**Exercise:** What's wanted is a faithful retyping of every entry, pictures excluded.

··· Dataset content

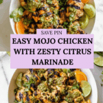 - Serve: Transfer grilled chicken to a serving platter. Drizzle the thickened mojo sauce over the chicken. Garnish with additional fresh cilantro leaves and lime wedges. Serve this vibrant chicken with accompaniments like lime cilantro rice, beans, and your favorite salad. Enjoy!
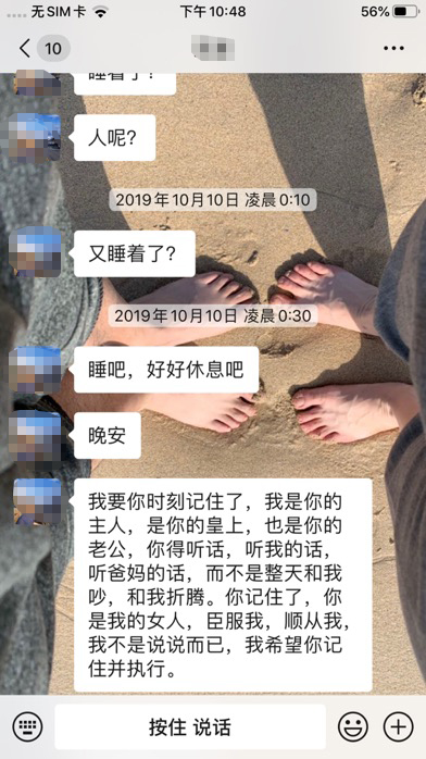 2019年10月10日凌晨的一张微信聊天截图显示了沈军对陈优丽施加的精神压力。
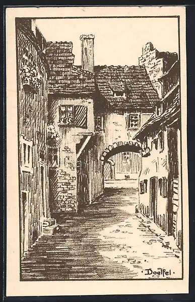 Künstler-AK Kitzingen, Günthershof mit Torbogen
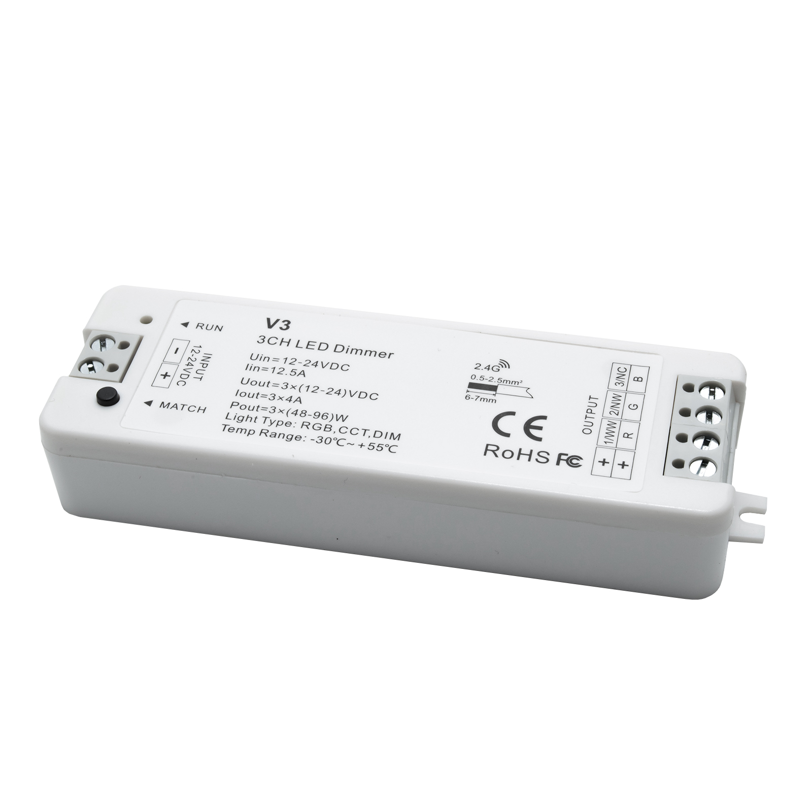 Centralina RF adatta per gesitire strisce, faretti e lampade LED RGB multicolore che si alimentano a 12V / 24V dotata di 3 canali 12.5A viene fornita completa di telecomando RF 2.4Ghz per gestire tutte le funzioni. Grazie a questa centralina è possibile cambiare colore di luce oppure abbassare o aumentare l'intensità luminosa.
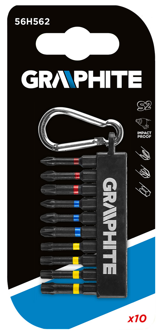Zestaw bitów udarowych GRAPHITE (nr ref. 56H562) zawiera 10 końcówek typu PH1/2/3, PZ1/2/3, TX25/27/30/40, o długości całkowitej 50 mm. To wytrzymałe bity przeznaczone do cięższych prac z zastosowaniem wysokich momentów obrotowych przy użyciu wkrętarek bądź zakrętarek udarowych. Wykonane z wysokogatunkowej stali S2, która cechuje się zwiększoną elastycznością i wytrzymałością na uszkodzenia mechaniczne. Obracająca się pod wpływem wysokiego momentu obrotowego strefa skrętna zmniejsza przenoszenie siły, przez co bit jest bardziej odporny na złamanie, a jego żywotność jest wydłużona kilkukrotnie. Końcówka robocza grota gwarantuje idealne dopasowanie. Zestaw z karabińczykiem umożliwiającym zamocowanie do szlufki paska. Marka GRAPHITE oferuje szeroki asortyment elektronarzędzi spełniających wymagania profesjonalistów.
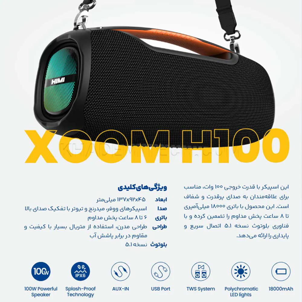 113006363اسپیکر قابل حمل HIMI Xoom H100 یک بلندگوی بلوتوثی قدرتمند است که برای استفاده در فضای باز، مهمانیها و دورهمیها طراحی شده است.توان صوتی: این اسپیکر با قدرت خروجی ۱۰۰ وات، صدایی بلند، واضح و باس (Bass) عمیق را ارائه میدهد که برای پوشش دادن فضاهای بزرگ مناسب است.

······

**Answer box:**
 - Serve: Transfer grilled chicken to a serving platter. Drizzle the thickened mojo sauce over the chicken. Garnish with additional fresh cilantro leaves and lime wedges. Serve this vibrant chicken with accompaniments like lime cilantro rice, beans, and your favorite salad. Enjoy!
 2019年10月10日凌晨的一张微信聊天截图显示了沈军对陈优丽施加的精神压力。
 Künstler-AK Kitzingen, Günthershof mit Torbogen
 Centralina RF adatta per gesitire strisce, faretti e lampade LED RGB multicolore che si alimentano a 12V / 24V dotata di 3 canali 12.5A viene fornita completa di telecomando RF 2.4Ghz per gestire tutte le funzioni. Grazie a questa centralina è possibile cambiare colore di luce oppure abbassare o aumentare l'intensità luminosa.
Zestaw bitów udarowych GRAPHITE (nr ref. 56H562) zawiera 10 końcówek typu PH1/2/3, PZ1/2/3, TX25/27/30/40, o długości całkowitej 50 mm. To wytrzymałe bity przeznaczone do cięższych prac z zastosowaniem wysokich momentów obrotowych przy użyciu wkrętarek bądź zakrętarek udarowych. Wykonane z wysokogatunkowej stali S2, która cechuje się zwiększoną elastycznością i wytrzymałością na uszkodzenia mechaniczne. Obracająca się pod wpływem wysokiego momentu obrotowego strefa skrętna zmniejsza przenoszenie siły, przez co bit jest bardziej odporny na złamanie, a jego żywotność jest wydłużona kilkukrotnie. Końcówka robocza grota gwarantuje idealne dopasowanie. Zestaw z karabińczykiem umożliwiającym zamocowanie do szlufki paska. Marka GRAPHITE oferuje szeroki asortyment elektronarzędzi spełniających wymagania profesjonalistów.
 113006363اسپیکر قابل حمل HIMI Xoom H100 یک بلندگوی بلوتوثی قدرتمند است که برای استفاده در فضای باز، مهمانیها و دورهمیها طراحی شده است.توان صوتی: این اسپیکر با قدرت خروجی ۱۰۰ وات، صدایی بلند، واضح و باس (Bass) عمیق را ارائه میدهد که برای پوشش دادن فضاهای بزرگ مناسب است.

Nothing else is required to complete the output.